Cultivated Chicken FDA
© GOOD Meat

Potential competition

Despite a multiyear review by the US Agriculture Department and US Food and Drug Administration confirming the safety of products from the cultivated meat startups UPSIDE Foods and GOOD Meat, the bill’s sponsors insist that the technology still has too many unknown risks. For example, the Florida Cattlemen’s Association and other Florida farmer organizations argue that “lab-grown meat” should not be classified as meat.

In an interview with Politico in November, Sirois openly stated that his main goal was to safeguard the farmers from potential competition for new technologies, emphasizing the significance of farming and cattle industries in Florida.
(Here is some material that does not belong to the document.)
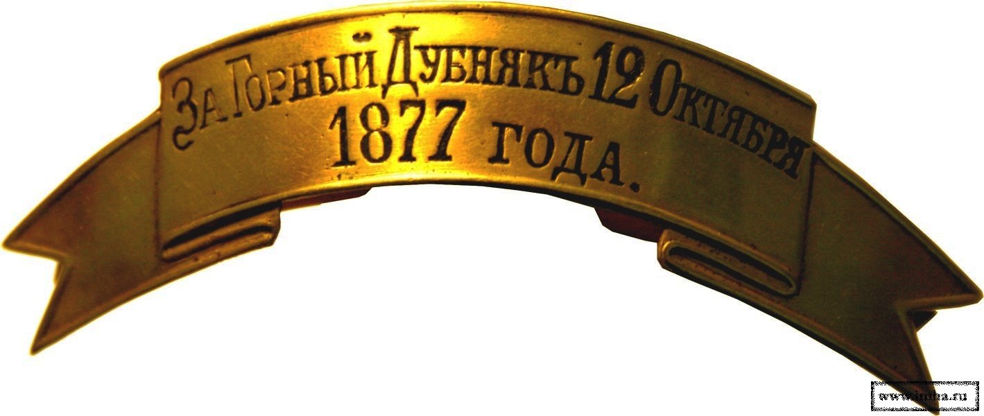 Лента наградная на головной убор "За Горный Дубняк 12 октября 1877 года". Копия. |

Meanwhile, Arizona and Alabama also have interests in prohibiting cultivated meat, and Texas and Nebraska are pushing for stricter labeling regulations for plant and cell-based products.

Chef José Andrés grilling cultivated chicken
Image courtesy of GOOD Meat

Another way to make meat

Critics of the bill, including the biotech sector, argue that this decision will hinder the progress and growth of an industry under development.  Multiple studies suggest that cultivated meat has the potential to meet consumer demand while addressing climate, health, and animal welfare concerns.

In the US, more than 40 companies work in the development of cultivated meat or seafood, attracting 60% of global investments, according to Good Food Institute figures. Moreover, Tufts University launched the world’s first undergraduate degree in cellular agriculture with a USDA research grant. Also, this year, UC Davis launched a research center focusing on alternative proteins, including cultivated meat.

As reported, bill sponsor Jay Collins,  chairman of the Senate Agriculture Committee, said: “We believe that our beef grows from a cow on the ground that eats grass, generates beef when we slaughter it. Same thing with pigs, same thing with chickens.”

Cultivated meat has been approved for sale in Singapore and Israel.